Daya Tarik Situ Cisanti yang Bikin Betah Berlama-lama

1. Danau Jernih yang Bikin Pikiran Ikut “Jernih”
Begitu kamu tiba di Situ Cisanti, satu hal yang hampir pasti bikin kamu berhenti sejenak adalah… airnya.
Jernih. Tenang. Hampir seperti kaca.
Permukaan danau sering terlihat memantulkan langit, pepohonan, bahkan bayangan gunung di sekitarnya. Di beberapa momen, kamu bahkan bisa melihat dasar airnya dengan cukup jelas.
Suasananya juga nggak kalah “magis”. Sunyi, minim suara, hanya sesekali terdengar angin atau gemericik air.
Tanpa sadar, kamu akan otomatis menarik napas lebih dalam… dan merasa lebih rileks.
Dikelilingi oleh Gunung Wayang, Malabar, dan Rakutak, Situ Cisanti terasa seperti dunia kecil yang terpisah dari keramaian luar – benar-benar definisi hidden paradise.
2. Titik Nol Sungai Citarum: Tempat yang Punya Cerita
Yang membuat Situ Cisanti bukan sekadar danau biasa adalah cerita besar di baliknya.
Di sinilah titik nol Sungai Citarum berada – sungai legendaris yang mengalir panjang dan menjadi salah satu yang terpenting di Jawa Barat.
Menariknya lagi, Situ Cisanti bukan hanya satu sumber air. Danau ini menampung aliran dari tujuh mata air utama: Pangsiraman, Cikoleberes, Cikawadukan, Cikahuripan, Cisadana, Cihaniwung, dan Cisanti.
Saat kamu berdiri di sana, melihat air yang mengalir pelan, ada sensasi berbeda. Bukan cuma melihat alam, tapi juga menyaksikan awal dari sebuah perjalanan panjang.
Buat kamu yang suka wisata yang punya nilai edukasi dan makna, tempat ini terasa lebih “dalam” dibanding sekadar destinasi biasa.
3. Spot Foto yang Nggak Perlu Banyak Edit
Kalau kamu tipe yang suka berburu foto estetik, Situ Cisanti bakal jadi surga kecil buatmu.
Salah satu spot paling ikonik adalah jembatan kayu yang melintasi danau. Dari sini, kamu bisa mendapatkan angle yang sempurna – air jernih, pepohonan hijau, dan latar gunung yang megah.

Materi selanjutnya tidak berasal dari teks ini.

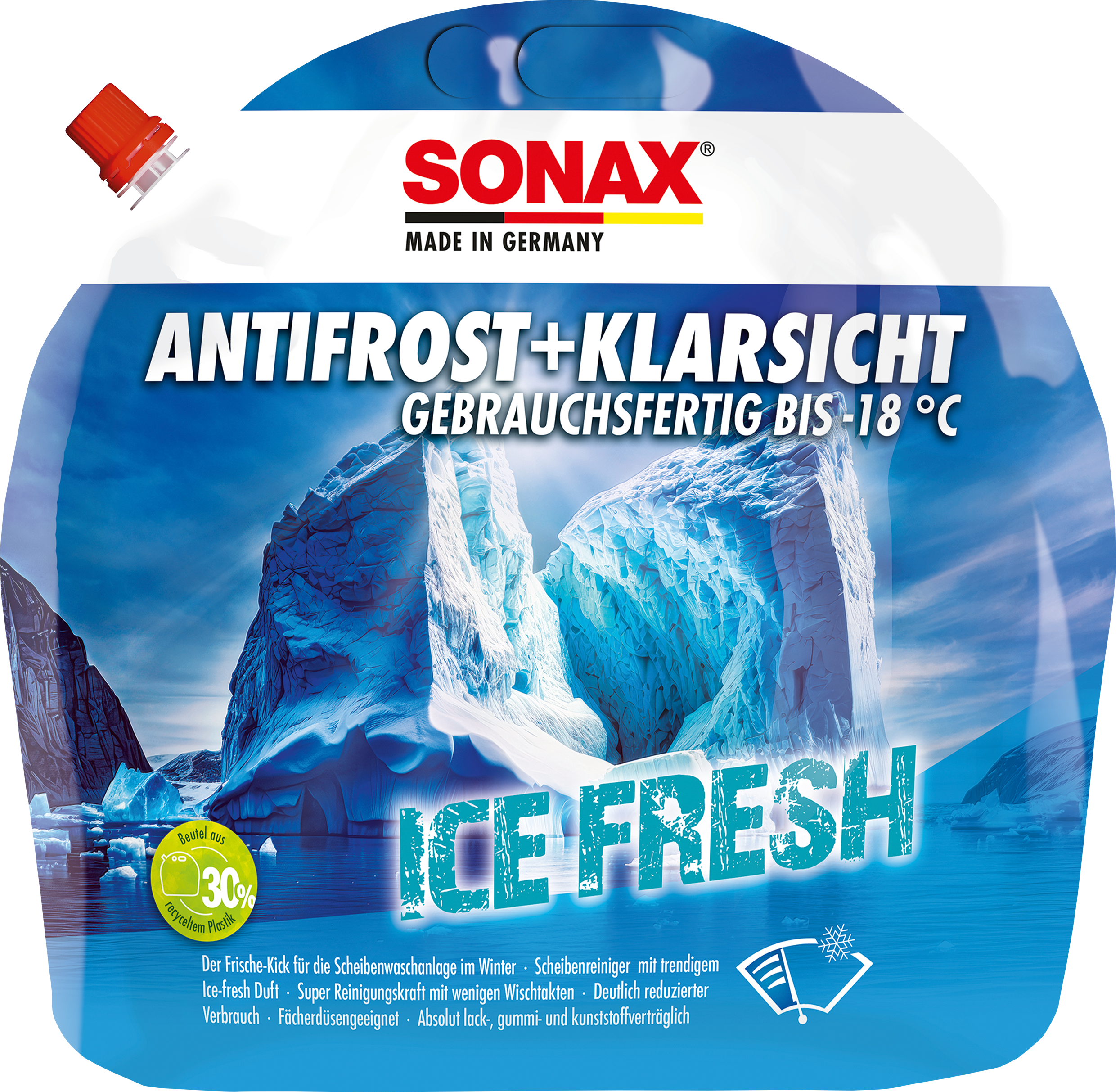 Scheibenreiniger mit trendigem Ice-fresh-Duft für die Scheibenwaschanlage im Winter. Beseitigt Öl, Ruß, Salz und sonstige typische Winterverschmutzungen mit wenigen Wischtakten und damit reduziertem Verbrauch. Verhindert Düsenvereisung und das Einfrieren der Scheibenwaschanlage. Absolut lack-, gummi- und kunststoffverträglich. Verursacht keine Spannungsrisse und Blindstellen an Scheinwerferstreuscheiben. Bestens geeignet für hochwertige Laser-, Matrix-LED- sowie XENON-Scheinwerfer. Getestet auf Mattlacken, folierten Fahrzeugen und empfindlichen Reparaturlacken. Mit Glycerin. Hält Gummi geschmeidig. Kein Rubbeln der Wischerblätter. Fächerdüsentauglich - auch ideal für den Einsatz bei neuen Wischertechnologien.

Selain itu, ada juga dermaga kecil yang sering jadi tempat favorit pengunjung. Nggak terlalu mewah, tapi justru kesederhanaannya yang bikin hasil foto terasa natural dan “hidup”.
Di sini, kamu nggak perlu filter berlebihan. Cahaya alami, refleksi air, dan suasana sekitarnya sudah cukup untuk menghasilkan foto yang estetik.
4. Tempat Healing yang “Nggak Ribut”
Ada kalanya kita pergi liburan bukan untuk mencari aktivitas… tapi justru untuk tidak melakukan apa-apa.
Dan Situ Cisanti adalah tempat yang sempurna untuk itu.
Kamu bisa duduk di gazebo, rebahan di bawah pohon, atau sekadar menatap air danau tanpa tujuan jelas.
Nggak ada suara klakson, nggak ada keramaian berlebihan – yang ada hanya ketenangan.
Banyak orang datang ke sini hanya untuk “diam”. Dan anehnya, justru di momen itulah kamu bisa merasa lebih ringan.
Kalau kamu lagi butuh reset pikiran, tempat ini bisa jadi jawaban.
5. Menyusuri Danau & Sensasi Memancing yang Santai

Kalau kamu ingin menikmati Situ Cisanti dari sudut pandang yang berbeda, coba naik perahu bebek.
Pelan-pelan mengayuh di atas air yang tenang, sambil melihat pemandangan sekitar, memberikan pengalaman yang sederhana tapi menyenangkan.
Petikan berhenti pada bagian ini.